* [Task details]: Reproduce the entries verbatim; no pictures.

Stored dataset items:
● ● ● ● ●
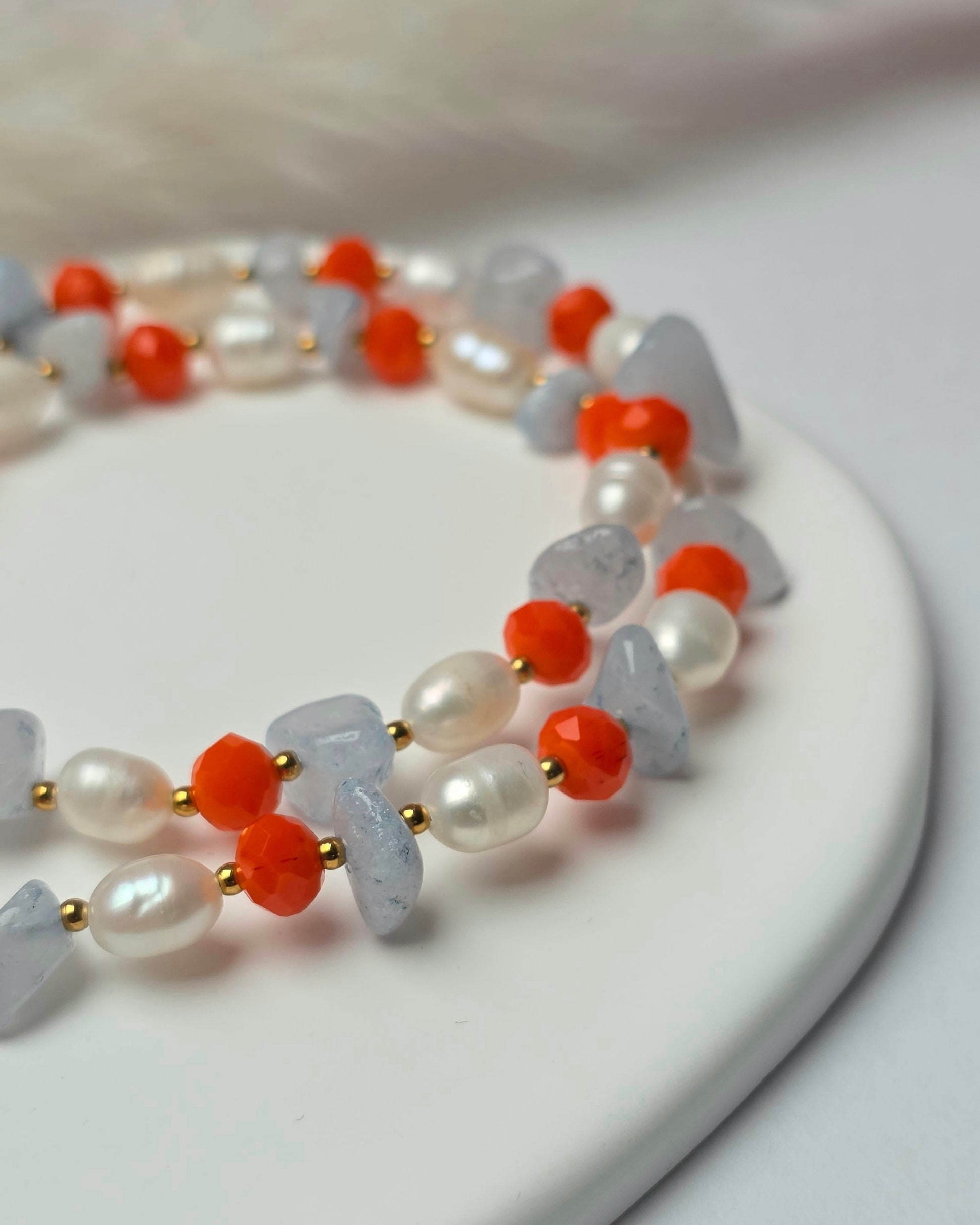 Die Kombination aus kräftigen Farben und klassischen Perlen macht das Design modern, verspielt und zu einem absoluten Hingucker.
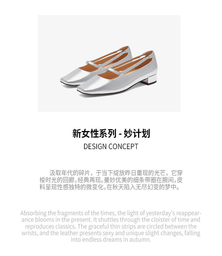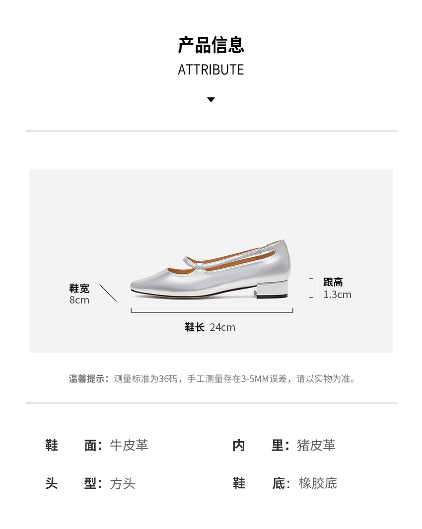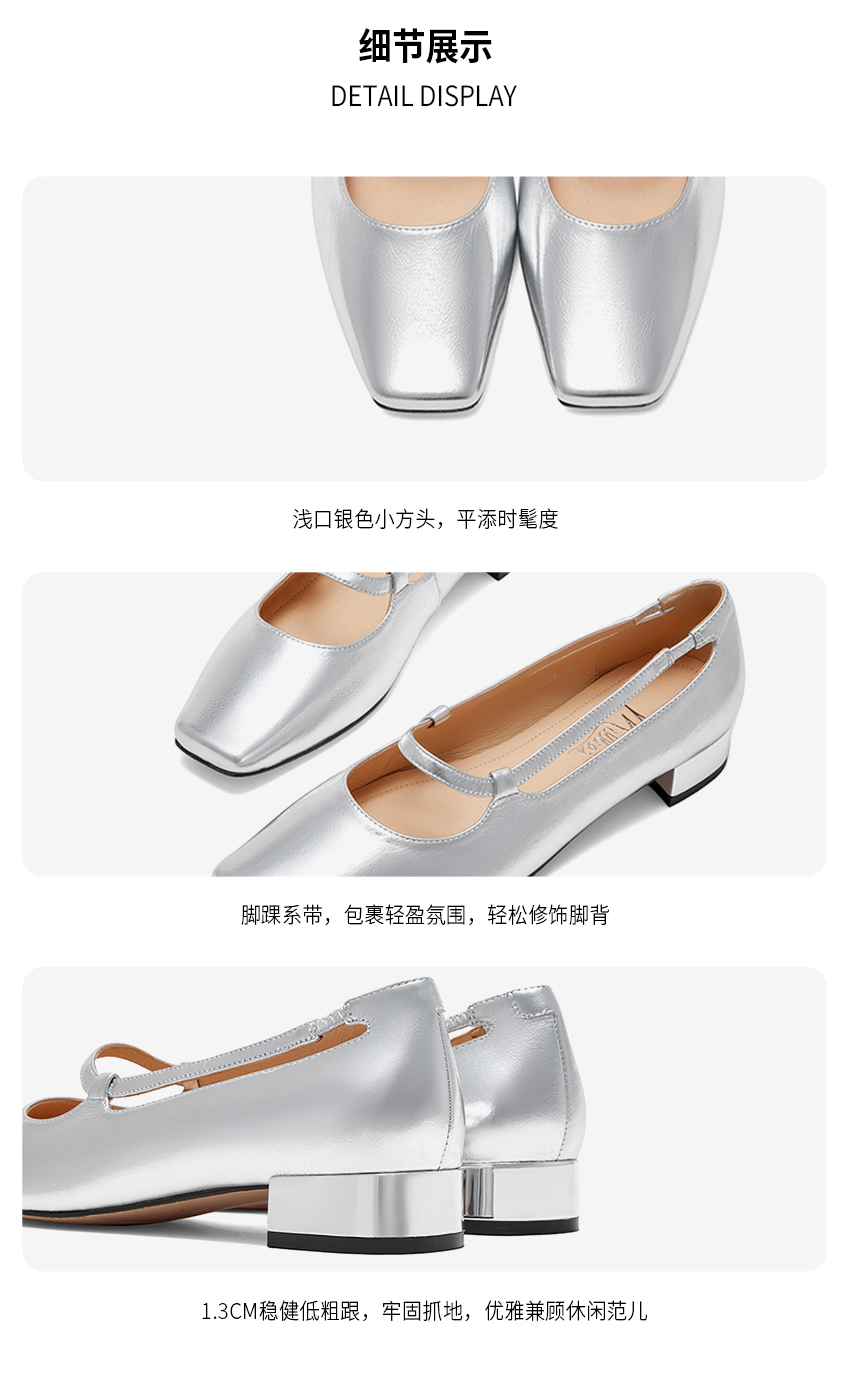 | 上市时间:2023年秋季 | 鞋类流行款式:浅口鞋 | 鞋头款式:方头 | 跟高范围:低跟鞋(小于3CM) | 鞋面图案:纯色 |
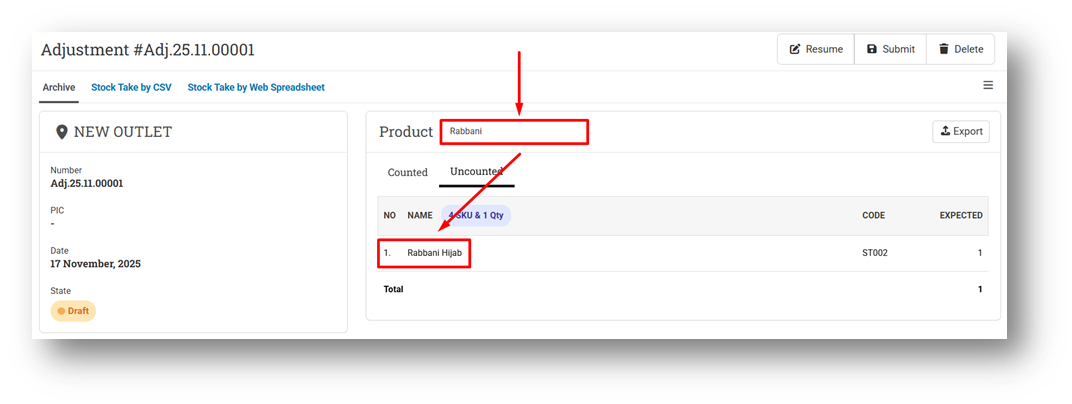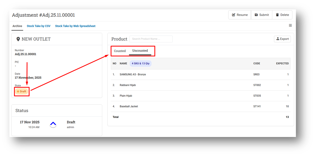 We’ve redesigned the Adjustment Info page for Count-type adjustments when the status is still Draft or Pending to reduce unnecessary steps. Previously, users had to open a separate modal to view uncounted items. Now, Counted and Uncounted item lists are displayed together within a single card, making it easier to review counting progress without leaving the page.
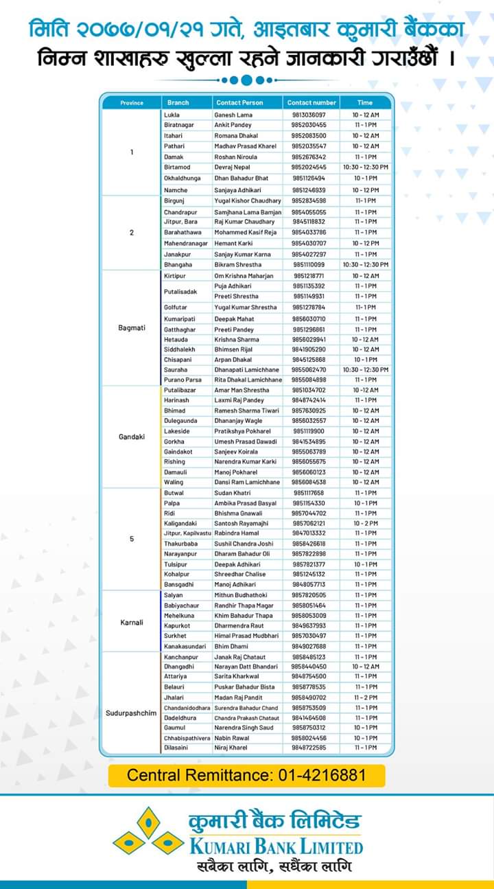 काठमाडौं । आज कुमारी बैंकले उपत्यकाभित्र तथा उपत्यका बाहिरका विभिन्न शाखा कार्यालयबाट सेवा दिने भएको छ । शाखाहरु स्थान अनुसार फरक फरक समयमा खुल्ने बैंकले जनाइएको छ ।
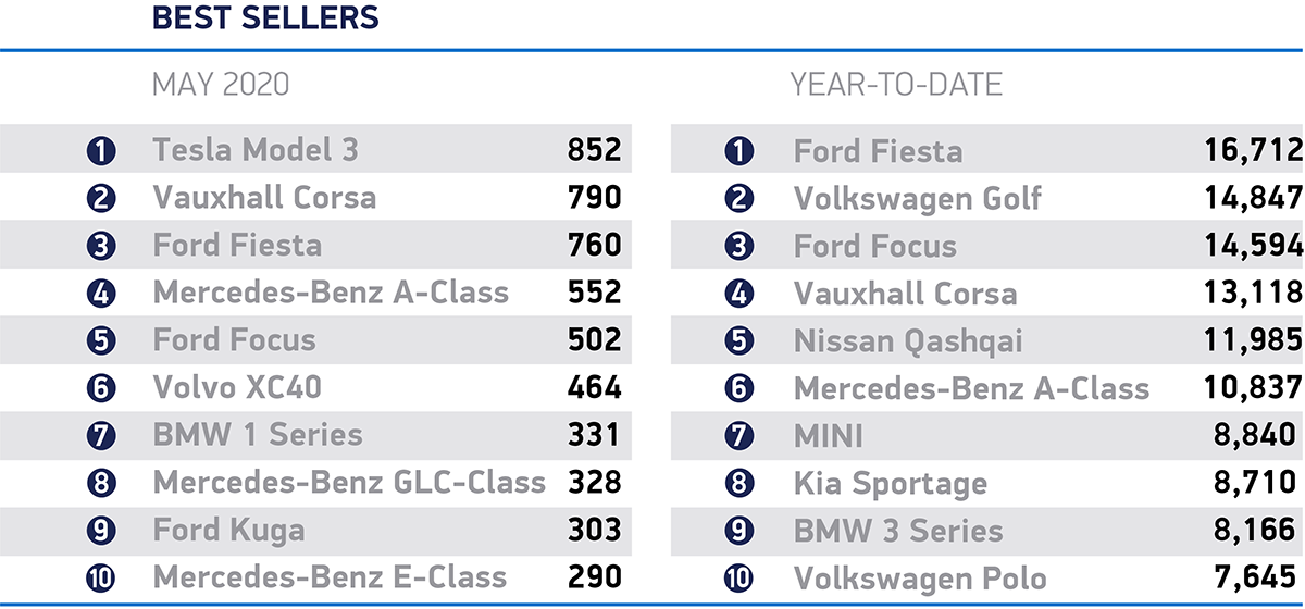 SMMT ha riportato dei forti cali in tutti i segmenti e tipi di carburante, a parte i veicoli elettrici che hanno registrato 429 esemplari in più. Il mercato complessivo ha registrato una diminuzione del 51,4% nei primi cinque mesi del 2020, con poco più di mezzo milione di vendite rispetto a più di 1 milione registrato nello stesso periodo del 2019.
● ● ● ● ●
* [Exercise output]:
 Die Kombination aus kräftigen Farben und klassischen Perlen macht das Design modern, verspielt und zu einem absoluten Hingucker.
 | 上市时间:2023年秋季 | 鞋类流行款式:浅口鞋 | 鞋头款式:方头 | 跟高范围:低跟鞋(小于3CM) | 鞋面图案:纯色 |
 We’ve redesigned the Adjustment Info page for Count-type adjustments when the status is still Draft or Pending to reduce unnecessary steps. Previously, users had to open a separate modal to view uncounted items. Now, Counted and Uncounted item lists are displayed together within a single card, making it easier to review counting progress without leaving the page.
 काठमाडौं । आज कुमारी बैंकले उपत्यकाभित्र तथा उपत्यका बाहिरका विभिन्न शाखा कार्यालयबाट सेवा दिने भएको छ । शाखाहरु स्थान अनुसार फरक फरक समयमा खुल्ने बैंकले जनाइएको छ ।
 SMMT ha riportato dei forti cali in tutti i segmenti e tipi di carburante, a parte i veicoli elettrici che hanno registrato 429 esemplari in più. Il mercato complessivo ha registrato una diminuzione del 51,4% nei primi cinque mesi del 2020, con poco più di mezzo milione di vendite rispetto a più di 1 milione registrato nello stesso periodo del 2019.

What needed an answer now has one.